Procedural Fairness:
[31] The Appellants submit that they were denied procedural fairness because:
(a) They were not given an opportunity to challenge the testimony of the Respondent's daughter;
(b) They were not permitted to make legal argument; and
(c) The Board failed to consider Matthews.
[32] The Supreme Court of Canada confirmed in Law Society of Saskatchewan v. Abrametz, 2022 SCC 29, 470 DLR (4th) 328 that, on a statutory appeal, appellate standards of review apply to questions of procedural fairness. The standard of review on questions of procedural fairness is correctness.
[33] The content of the duty of fairness is based on the factors from Baker v. Canada (Minister of Citizenship and Immigration), 1999 699 (SCC), [1999] 2 S.C.R. 817 ("Baker") which include:
(a) The nature of the decision being made, and the process followed in making it;
(b) The nature of the statutory scheme and the terms of the statute pursuant to which the body operates;
(c) The importance of the decision to the individual or the individuals affected;
(d) The legitimate expectations of the person challenging the decision; and
(e) The choices of procedure made by the agency itself.
The Court held that this was not an exhaustive list: see Baker, at para. 28.
[34] The requirements of procedural fairness are context-specific and incorporate respect for the LTB's choice of procedure. The LTB has the authority to control its own process in accordance with s. 25.0.1 of the Statutory Powers Procedure Act, R.S.O. 1990, c. S.22 ("SPPA") and its Rules. The Act permits the LTB to conduct inquiries it considers necessary before, during, or after a hearing and to question any person concerning the dispute. The Act does not restrict the LTB's ability to control its process, other than to direct that the LTB adopt the most expeditious procedures that allow for a fair process.

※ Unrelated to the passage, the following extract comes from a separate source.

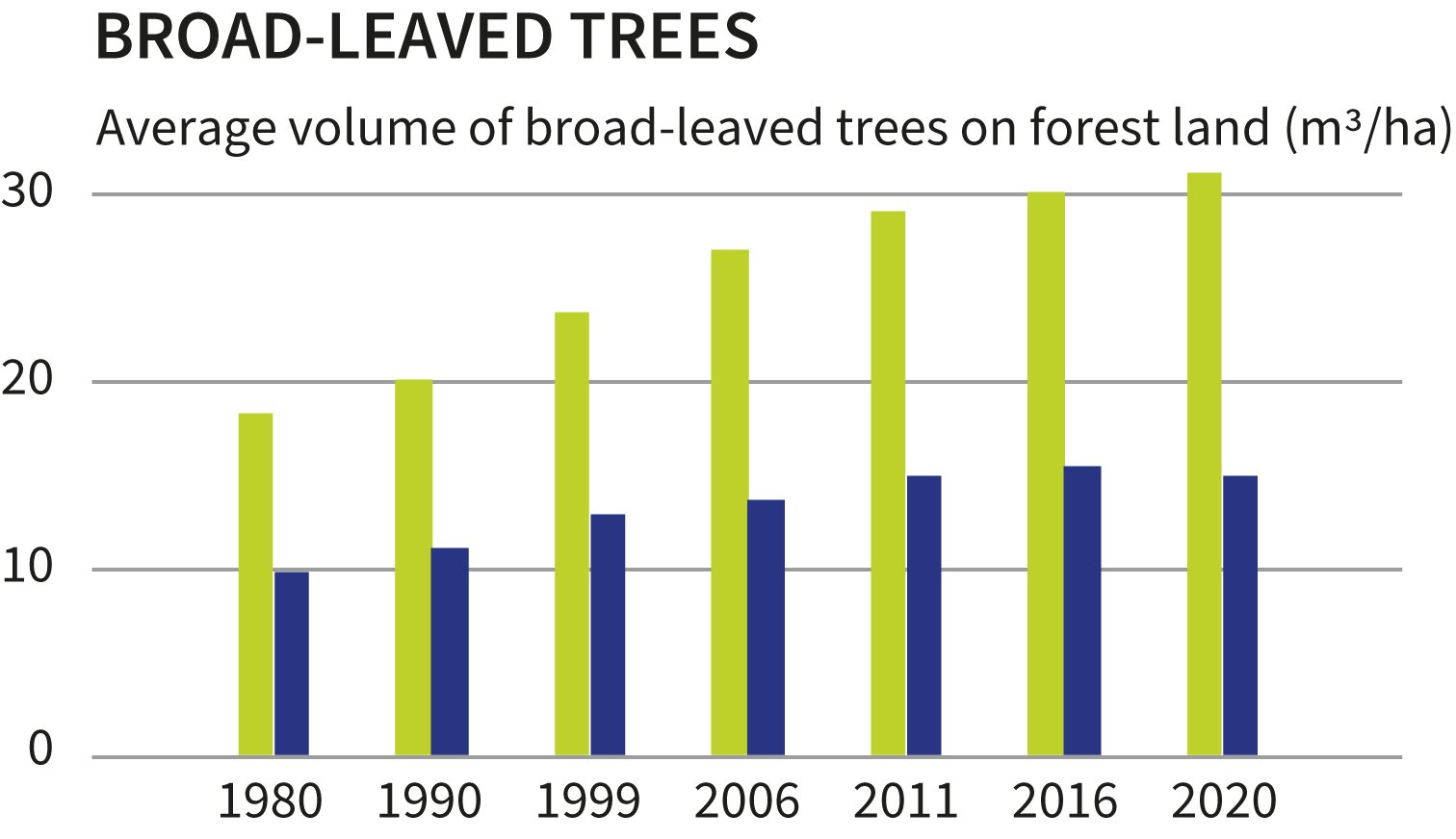 The desire of the wood processing industry to invest in Finland has long encouraged forest owners to take care of the vitality of forests and increase forest resources. The volume of growing stock on forest land (forests available for wood supply and protected forests) has increased by 50 per cent over the past 40 years. The positive trend is visible in various tree species. The volume of broad-leaved trees has almost doubled in southern Finland.
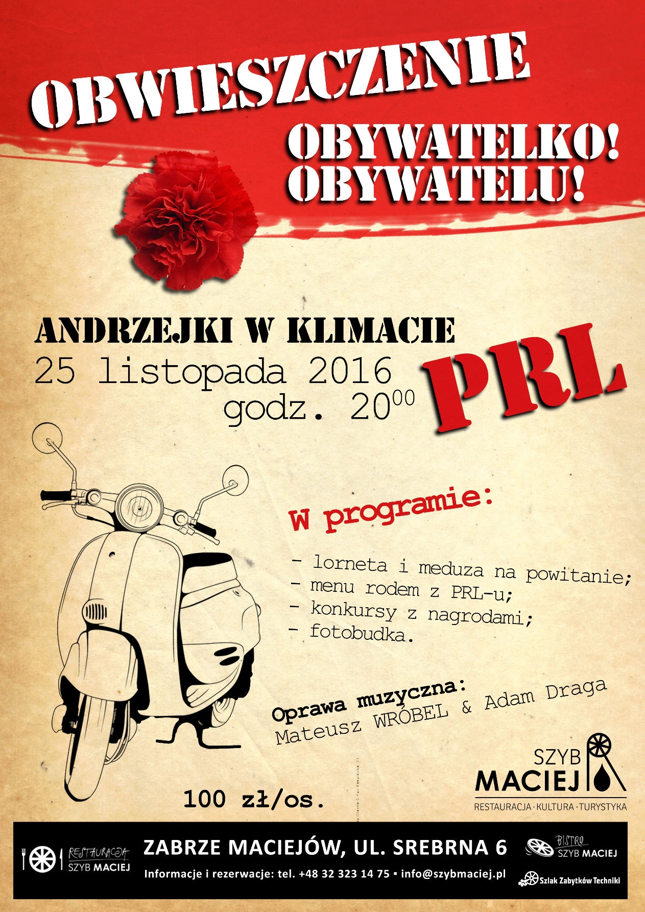 Kolejny zabrzański obiekt – Szyb Maciej - zaprasza na tradycyjną zabawę andrzejkową, tym razem w klimacie PRLu. Królować będzie „seta i galareta”, menu rodem z PRLu, a wyjątkowy duet muzyczny – Mateusz Wróbel i Adam Draga, premierowo zaserwują dawkę najlepszej muzyki z okresu PRL. W programie liczne atrakcje, m.in. fotobudka i konkursy z nagrodami.

[35] If there are multiple procedural options that all meet the minimum requirements of fairness, this Court should not interfere with the LTB's choice from among those options. Absent an extricable question of law, this Court should also not interfere with the LTB's findings of fact that underlay its conclusion on procedural fairness.
[36] The Appellants were given an opportunity to cross-examine the Respondents' daughter. The LTB only interfered to keep the questioning focused on the issues before the Board. The LTB is entitled to control its own process and is entitled to deference in exercising its discretion on procedural matters.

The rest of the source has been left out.